Prebiotics, a group of beneficial nutrients broken down by the gut microbiota, have been the subject of growing interest in recent years as potential factors in preventing Alzheimer's disease (AD) and delaying its progression [105]. The most commonly used prebiotics include fructooligosaccharides (FOS), galactooligosaccharides (GOS), and trans-galactooligosaccharides (TOS), and their fermentation by gut bacteria leads to the formation of SCFAs, such as lactic, butyric, and propionic acids [106].

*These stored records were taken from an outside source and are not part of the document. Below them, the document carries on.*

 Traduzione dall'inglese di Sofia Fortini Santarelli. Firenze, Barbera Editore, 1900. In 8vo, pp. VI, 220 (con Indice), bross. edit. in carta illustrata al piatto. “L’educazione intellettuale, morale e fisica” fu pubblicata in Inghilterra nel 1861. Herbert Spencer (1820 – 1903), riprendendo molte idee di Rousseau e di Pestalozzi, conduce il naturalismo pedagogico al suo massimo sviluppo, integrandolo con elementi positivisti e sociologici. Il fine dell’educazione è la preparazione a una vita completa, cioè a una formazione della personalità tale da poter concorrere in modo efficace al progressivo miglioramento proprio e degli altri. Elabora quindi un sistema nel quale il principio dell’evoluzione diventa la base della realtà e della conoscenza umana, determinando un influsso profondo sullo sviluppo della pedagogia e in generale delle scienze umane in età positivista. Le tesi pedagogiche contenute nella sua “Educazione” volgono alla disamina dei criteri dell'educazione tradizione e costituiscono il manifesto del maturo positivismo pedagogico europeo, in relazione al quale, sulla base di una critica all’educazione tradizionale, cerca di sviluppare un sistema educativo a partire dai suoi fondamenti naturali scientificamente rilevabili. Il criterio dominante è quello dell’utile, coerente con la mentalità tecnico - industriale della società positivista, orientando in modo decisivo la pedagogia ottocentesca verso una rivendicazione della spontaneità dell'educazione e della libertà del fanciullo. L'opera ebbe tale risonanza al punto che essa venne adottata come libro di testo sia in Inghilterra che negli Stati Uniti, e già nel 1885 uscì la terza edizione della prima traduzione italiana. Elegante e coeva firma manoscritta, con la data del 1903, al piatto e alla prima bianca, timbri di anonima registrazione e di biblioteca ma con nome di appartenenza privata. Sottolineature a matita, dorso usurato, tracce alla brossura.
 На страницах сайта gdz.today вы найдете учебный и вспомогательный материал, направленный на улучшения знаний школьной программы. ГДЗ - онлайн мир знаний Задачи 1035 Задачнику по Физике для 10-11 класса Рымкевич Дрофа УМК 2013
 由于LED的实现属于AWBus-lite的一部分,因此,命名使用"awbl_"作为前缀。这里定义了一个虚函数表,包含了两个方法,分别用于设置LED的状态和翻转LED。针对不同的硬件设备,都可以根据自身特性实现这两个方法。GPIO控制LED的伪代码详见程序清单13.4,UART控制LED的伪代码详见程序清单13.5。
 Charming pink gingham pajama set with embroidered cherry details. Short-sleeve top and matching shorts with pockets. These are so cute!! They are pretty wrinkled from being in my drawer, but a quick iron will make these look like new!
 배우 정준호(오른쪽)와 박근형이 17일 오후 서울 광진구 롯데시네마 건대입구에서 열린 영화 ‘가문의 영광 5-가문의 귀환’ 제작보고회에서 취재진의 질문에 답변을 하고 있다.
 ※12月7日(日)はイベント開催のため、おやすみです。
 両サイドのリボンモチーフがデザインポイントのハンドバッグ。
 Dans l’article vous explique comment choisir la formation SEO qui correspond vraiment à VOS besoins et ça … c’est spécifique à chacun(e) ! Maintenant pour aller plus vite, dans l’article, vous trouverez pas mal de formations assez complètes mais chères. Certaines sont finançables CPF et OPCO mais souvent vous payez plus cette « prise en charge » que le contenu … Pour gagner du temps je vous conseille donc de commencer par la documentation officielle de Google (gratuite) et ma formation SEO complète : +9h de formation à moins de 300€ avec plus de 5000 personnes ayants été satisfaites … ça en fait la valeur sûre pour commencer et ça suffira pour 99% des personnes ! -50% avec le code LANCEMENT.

FOS are a frequent subject of research due to their promising therapeutic potential in AD via the gut–brain axis. In a study by Sun et al., six weeks of oral administration of FOS to APP/PSEN1dE9 transgenic mice improved cognitive function and reduced AD-related pathological changes by increasing the expression of synapsin I and postsynaptic density protein 95 (PSD-95). In addition, FOS treatment increased GLP-1 levels and decreased the expression of its receptor GLP-1R, thereby modulating the gut microbiota-GLP-1/GLP-1R signaling pathway [107]. In another study, FOS not only improved oxidative stress and inflammation markers but also regulated neurotransmitter synthesis and secretion. Histological analysis also showed reduced neuronal apoptosis and decreased levels of key AD markers such as Tau and Aβ1-42 [108].

GOS, oligosaccharides, also exhibit neuroprotective effects. In a study by de Paiva et al., administration of FOS and GOS to mice on a high-fat diet led to a reduction in neuroinflammation and neuronal damage (as demonstrated by lower levels of TNF-α, COX-2, caspase-3, Iba-1 cells, and GFAP). The treatment improved synaptic plasticity, restored learning and memory abilities, and supported the insulin signaling pathway through activation of the IRS/PI3K/AKT pathway. In addition, it reduced amyloid β formation and Tau phosphorylation, helped restore the balance of the gut microbiota—particularly by increasing the abundance of Bacteroidetes bacteria—and reduced intestinal inflammation and permeability [109].

Xylooligosaccharides (XOS) are indigestible oligosaccharides with high prebiotic potential [110]. They strongly stimulate the growth and diversity of Bifidobactera in the gut [111]. XOS supplementation also selectively promotes the expansion of strains Bifidobacterium adolescentis, known for its involvement in modulating neuroinflammatory pathways [112].

Increasing the diversity of the intestinal microflora through XOS supplementation reduced intestinal inflammation by lowering the levels of pro-inflammatory cytokines IL-1β and IL-6 and immunoregulatory IL-10. Additionally, it increased the expression of tight junction proteins in the intestine, contributing to the restoration of both the epithelial barrier and the blood–brain barrier [113].

Probiotics and prebiotics appear to be promising therapeutic agents for the treatment of AD; however, the currently available scientific evidence comes mainly from studies in animal models. Therefore, further clinical studies involving humans are necessary to confirm their efficacy and practical applicability.